The first Bathurst 500/1000 ever completed in under 6 hours

Thanks to a near total lack of Safety Cars, with the only appearance coming on Lap 132, making this the first Bathurst since 1991 to get through the opening 100 laps without a Safety Car, Todd Hazelwood and Brodie Kostecki have gone into the history books…

THE FIRST BATHURST WINNERS, BE IT OVER 500 MILES OR 1000 KILOMETRES, TO BREAK UNDER THE MAGICAL 6-HOUR MARK.
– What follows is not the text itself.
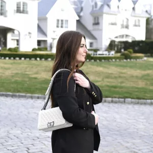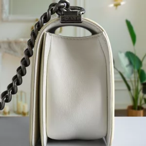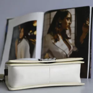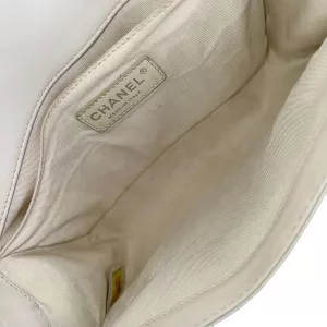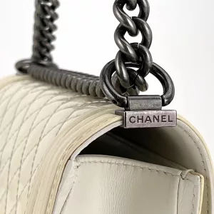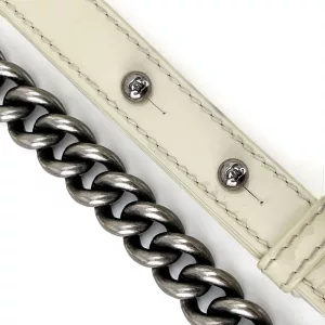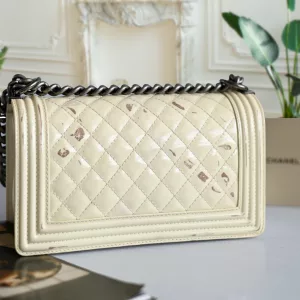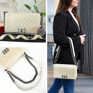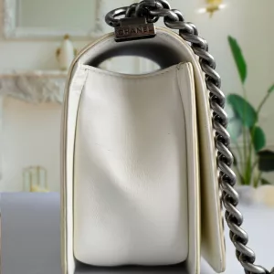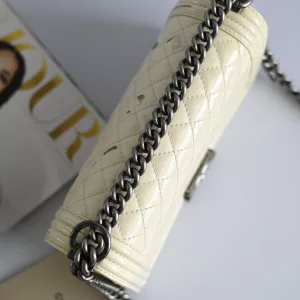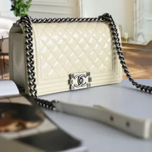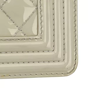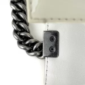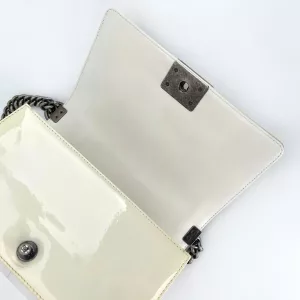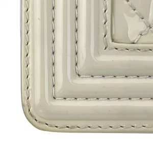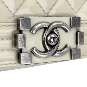 CHANEL Authentic Old Boy Patent White Quilted Crossbody Silver HWR Clutch Bag

A race-winning time of 5 hours, 58 minutes 3.0649 seconds, an average speed of 167.4km/h, surpassing the old record from 2018 when Craig Lowndes and Steven Richards won in a time of 6 hours, 1 minute and 44.8637 seconds, a race that had 2 Safety Cars.

Every single car down to 18th finished in under 6 hours, appropriately the car in 18th was the No.18 of Mark Winterbottom and Michael Caruso, who had a race time of 5h 59m 59.7057s, getting in by the blink of an eye.

Prior to 2024, when the race was run over 500 miles on the old pre-1987 track (Prior to the addition of The Chase), Peter Brock’s maiden win in the Bathurst 500 of 1972 (Contested over 130 laps) was won in a time of 6 hours and 59.1 seconds, which was the last running of the race prior to becoming a 1000 kilometre race with the conversion to metric.

Today’s race also had 25 out of 26 cars as classified finishers (96.2%), the greatest percentage of cars to finish in the race’s history, the only exception being the crash for the Penrite Mustang of Matt Payne and Garth Tander that caused the Safety Car, which means there has still never been a Bathurst 1000 without a DNF…

Still, if finishing the race in under 6 hours was once considered impossible, then one day we can definitely get through a Bathurst without a retirement.